SUPREME COURT OF THE STATE OF NEW YORK APPELLATE DIVISION SECOND JUDICIAL DEPARTMENT
June 1, 2010
PEOPLE OF STATE OF NEW YORK, RESPONDENT,
LARRY RICHARDSON, APPELLANT.
Appeal by the defendant from an order of the Supreme Court, Queens County (Latella, J.), dated October 31, 2008, which, after a hearing to redetermine his sex offender risk level pursuant to the stipulation of settlement in Doe v Pataki (3 F Supp 2d 456), designated him a level two sex offender pursuant to Correction Law article 6-C.
Published by New York State Law Reporting Bureau pursuant to Judiciary Law § 431.

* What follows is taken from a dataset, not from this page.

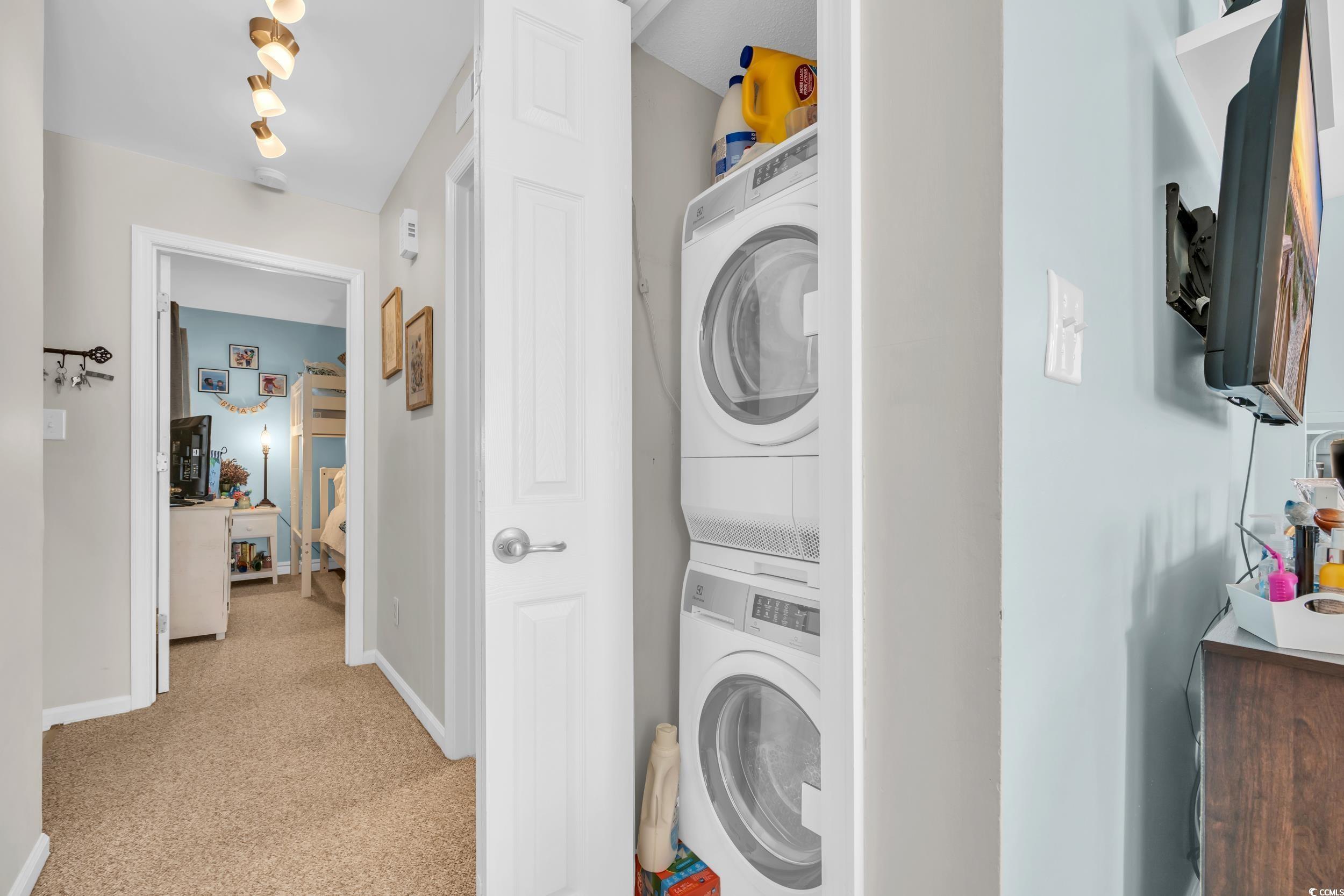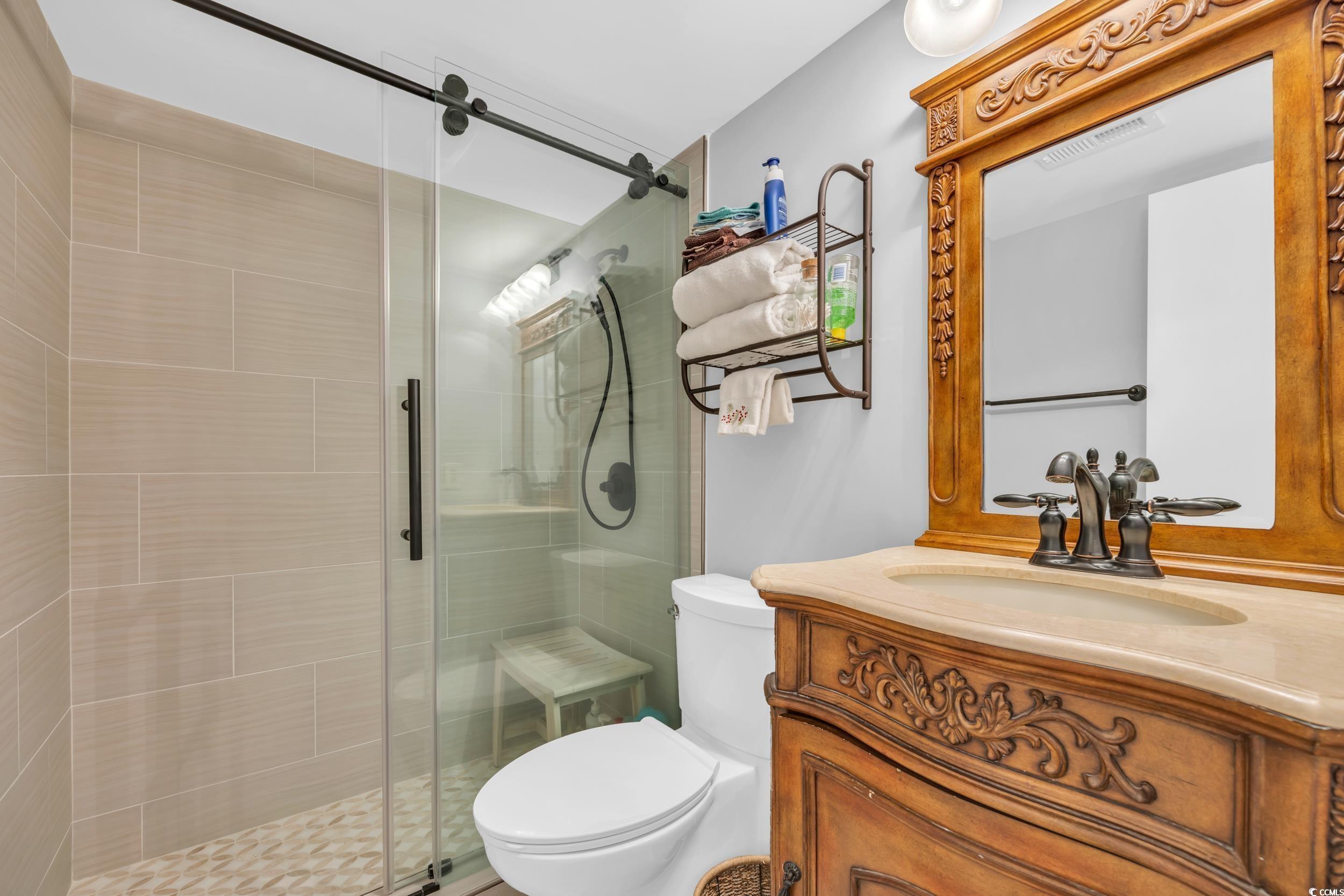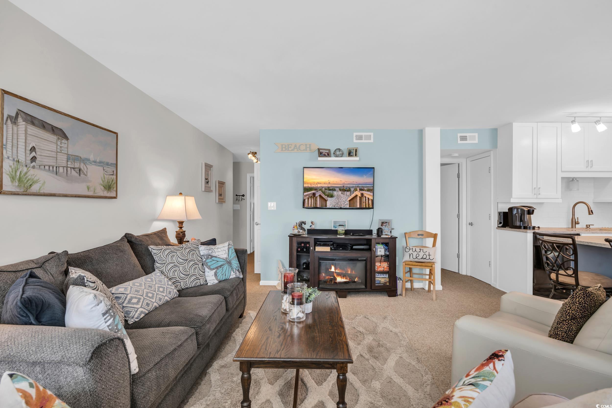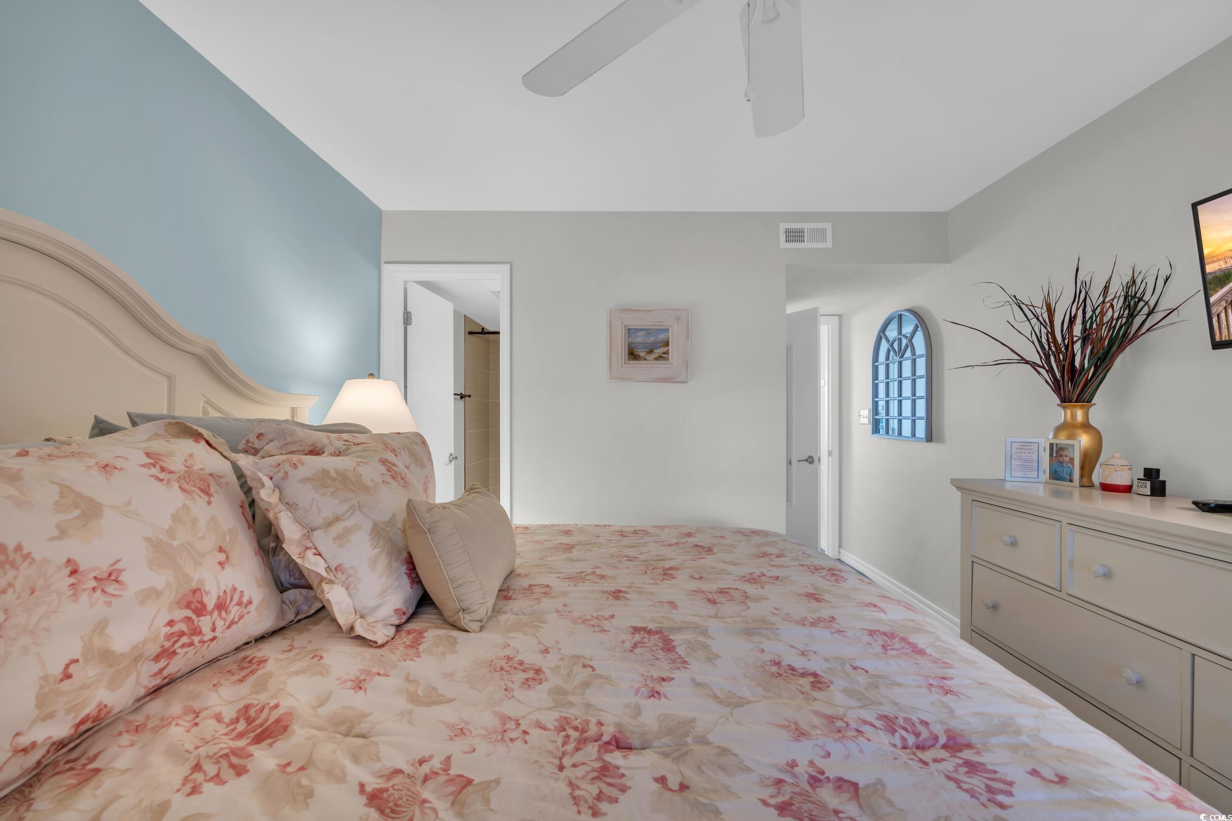Nestled in a peaceful community with spectacular views of Beachwood Golf Course, this second-floor unit at Ocean Greens offers the ultimate coastal living experience. Recently remodeled, this 2-bedroom, 2-bath unit features a fully equipped kitchen with upgraded cabinets, an under the counter wine refrigerator, upgraded quartz countertops and a solid composite sink. This unit has been upgraded in the both the Master and Guest Bathrooms and boast beautifully tiled showers from floor to ceiling. The breakfast bar can be used for casual dining, and has ample storage space. Natural light floods the space, and the screened-in rear porch provides a serene spot to enjoy your morning coffee or an evening cocktail. Conveniently located near the pool, the building offers easy access for a refreshing dip on sunny afternoons. In addition to the pool, Ocean Greens also features a fantastic grilling area, perfect for hosting BBQs with family and friends. The beach is just a quick 5-minute drive away, offering endless days of sun, sand, and sea. Enjoy a variety of nearby restaurants serving fresh seafood and coastal dishes. Stay active at the nearby North Myrtle Beach J.B. Floyd Recreation Center, with pickleball, tennis, basketball, baseball, soccer fields, a track, and a playground for kids. Owners are allowed to have a golf cart, making trips to the beach even easier. This unit also includes designated parking beneath the building, reserved exclusively for owners. Whether you're seeking a long-term investment or a vacation rental, Ocean Greens offers flexibility for both. Don't miss your opportunity to make Unit E-302 your coastal retreat. Schedule a viewing today and turn your beachside dreams into reality!

This opinion is uncorrected and subject to revision before publication in the Official Reports.
A. GAIL PRUDENTI, P.J., DANIEL D. ANGIOLILLO, RUTH C. BALKIN and CHERYL E. CHAMBERS, JJ.
DECISION & ORDER
ORDERED that the order is affirmed, without costs or disbursements.
The defendant failed to show by clear and convincing evidence that there existed mitigating circumstances of a kind or to a degree not otherwise taken into account by the risk assessment instrument that would have warranted a downward departure from his presumptive risk level designation (see People v McKee, 66 AD3d 854, 855; People v Pietarniello, 53 AD3d 475, 478; People v McLaughlin, 40 AD3d 832, 833). Accordingly, the Supreme Court providently exercised its discretion in designating him a level two sex offender (see People v Pietarniello, 53 AD3d at 478; People v Gochnour, 50 AD3d 754, 755).
PRUDENTI, P.J., ANGIOLILLO, BALKIN and CHAMBERS, JJ., concur.